Data reveals pharmacy pay gap


pounds sterling

Male pharmacists in the UK are out-earning women in the profession by 6.4%, new data has shown

The Pharmaceutical Journal conducted a salary and job satisfaction survey between July and September 2018, and found a “statistically significant” median pay gap.

This is smaller than the UK’s national median gender pay gap, which has dropped to 8.6% for full-time workers, write Emma Wilkinson and Angela Kam.

Male pharmacists earned a median of £51,376 (AUD$90,608) while female pharmacists earned £48,048 (AUD$84,738), the results showed.

British organisations employing more than 250 people are now required to publish their gender pay gap figures.

Recently Lloyds Pharmacy reported a gender pay gap of 6%, which included all professional and managerial roles, while Boots’ gap was 5%, the Pharmaceutical Journal reports.

Other pharmacy organisations have also reported gaps voluntarily, with the General Pharmaceutical Council, the UK’s independent pharmacy regulator, reporting a gap of 16.5%.

The article reports that part of the gap is due to women being less concentrated in senior or well-paid positions, and that women are “taking time out for family or caring commitments”.

Academic pharmacist and executive committee member of the National Association of Women Pharmacists Christine Heading told the Journal that pharmacy was “burying its head in the sand” about the gender pay gap.

“This manifests in failure to collect data on career progression, salaries, obstacles, challenges, attitudes and performance on a gender basis,” she said.
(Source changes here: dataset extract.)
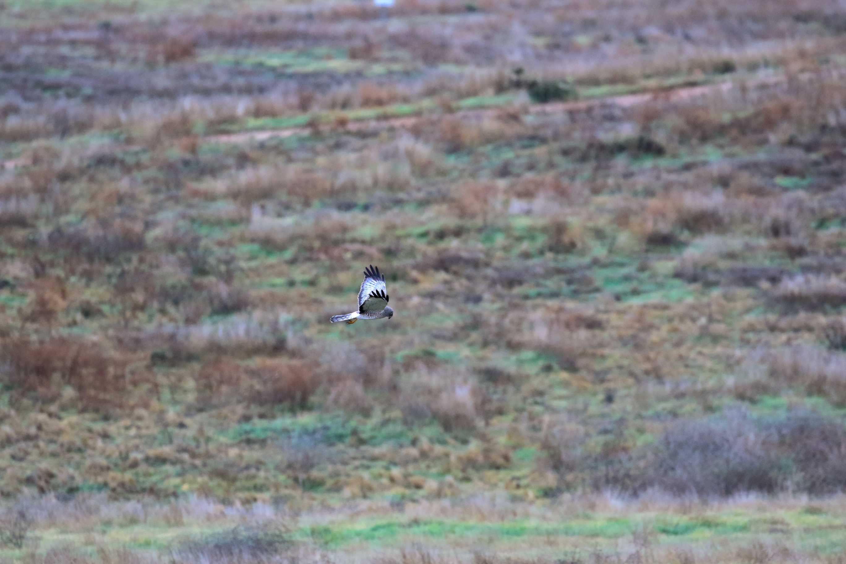 A northern harrier searching for a prey
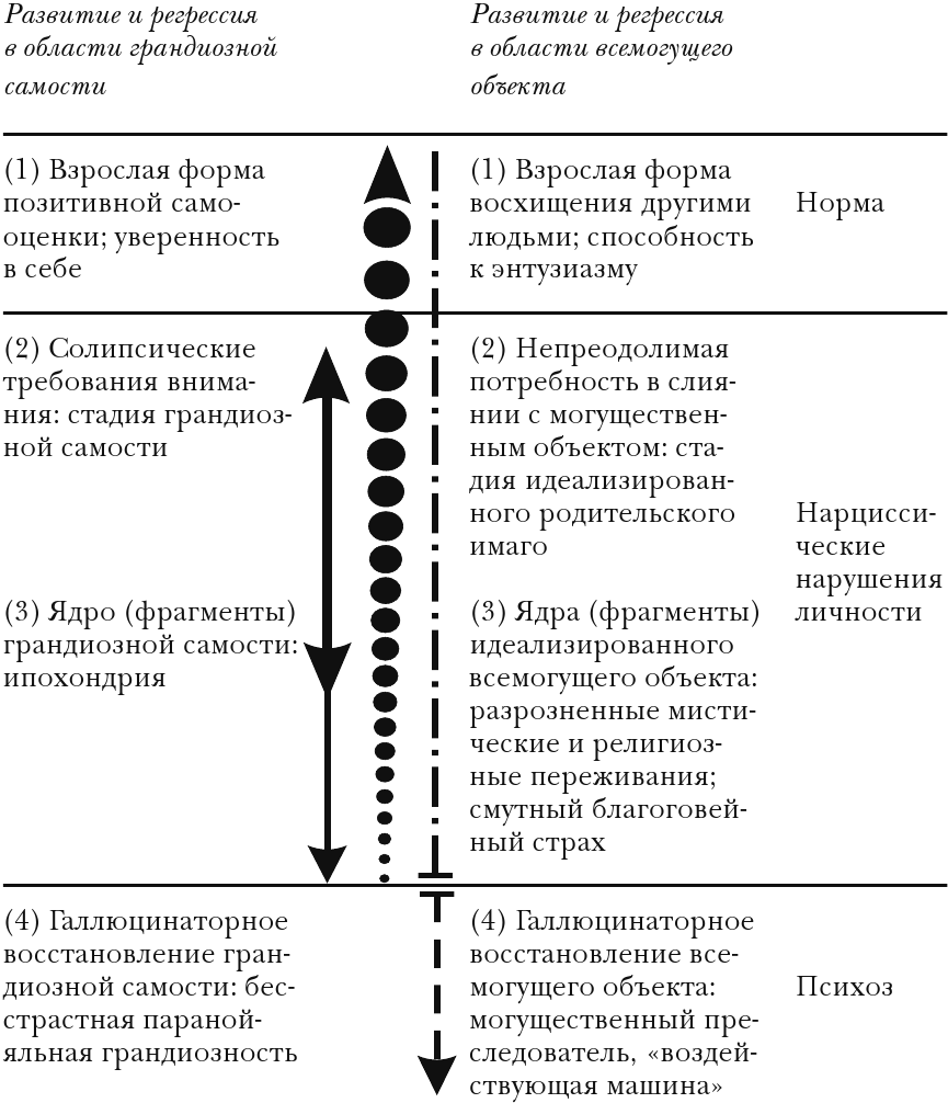 Главными отличительными особенностями психозов и пограничных состояний, с одной стороны, и доступных анализу нарциссических нарушений личности – с другой, являются: (1) первые характеризуются тенденцией к постоянному отказу от связных нарциссических конфигураций и к замещению их бредовыми и галлюцинаторными образованиями (с целью избежать невыносимого состояния фрагментации и потери архаичных нарциссических объектов); (2) в случае нарциссических нарушений личности наблюдаются лишь незначительные и временные колебания, как правило, в направлении частичной фрагментации с признаками нестойкого компенсаторного бреда. Для теоретического осмысления психозов и нарциссических нарушений личности важно исследовать сходство и различие между относительно здоровой архаичной грандиозностью, которая может поддерживаться психикой в случаях нарциссических нарушений, и безучастностью и высокомерностью, присущими психотическим маниям величия при психозах и пограничных состояниях. Точно так же важно сравнить относительно здоровое развитие нарциссически катектированного всемогущего и всеведущего, возвеличенного и идеализированного, эмоционально подкрепляемого родительского имаго, формируемого при переносе пациентами с нарциссическими нарушениями личности, со всемогущим преследователем и манипулятором самости при психозах: с той «воздействующей машиной», чье всемогущество и всеведение превращаются в безучастное, лишенное тепла и сопереживания бесчеловечное зло. И, наконец, что не менее важно, исследование предпсихотической личности с точки зрения уязвимости присущих ей высших форм нарциссизма (а не только с точки зрения хрупкости зрелого ее отношения к объектам любви) может во многом способствовать пониманию психозов и пограничных состояний и, например, объяснить две следующие типичные особенности: (1) события, вынуждающие совершить первые важнейшие шаги в регрессивном движении, часто относятся к области нарциссической травмы, а не к сфере объектной любви; (2) даже при самых тяжелых психотических нарушениях объектная любовь может оставаться в целом сохранной, но не бывает так, чтобы отсутствовали глубокие нарушения в нарциссической сфере.

English Pharmacy Board chair Sandra Gidley said she would be keen to examine factors contributing to the gap, including the concentration of men in more senior positions, as well as the degree of variation between pharmacists working at the same grade.

“The pharmacy profession is no different to any other profession in as much as the gender balance at the ‘top’ of the profession does not reflect the gender balance at entry level,” she said.

In Australia, recent data has also shown a gender pay gap. 2017 data from the ATO’s 2014-15 taxation statistics showed that average income for female retail pharmacists is $61,279, with men earning an average of $83,792.

Meanwhile among hospital pharmacists, women earned $66,784 compared to men’s $77,807.

And the 2018 Graduate Outcomes Survey, released earlier this month, showed that female pharmacy graduates were earning a little more than males upon graduation… but three years later, there was a gap of $10,300, with men outearning women in full-time work.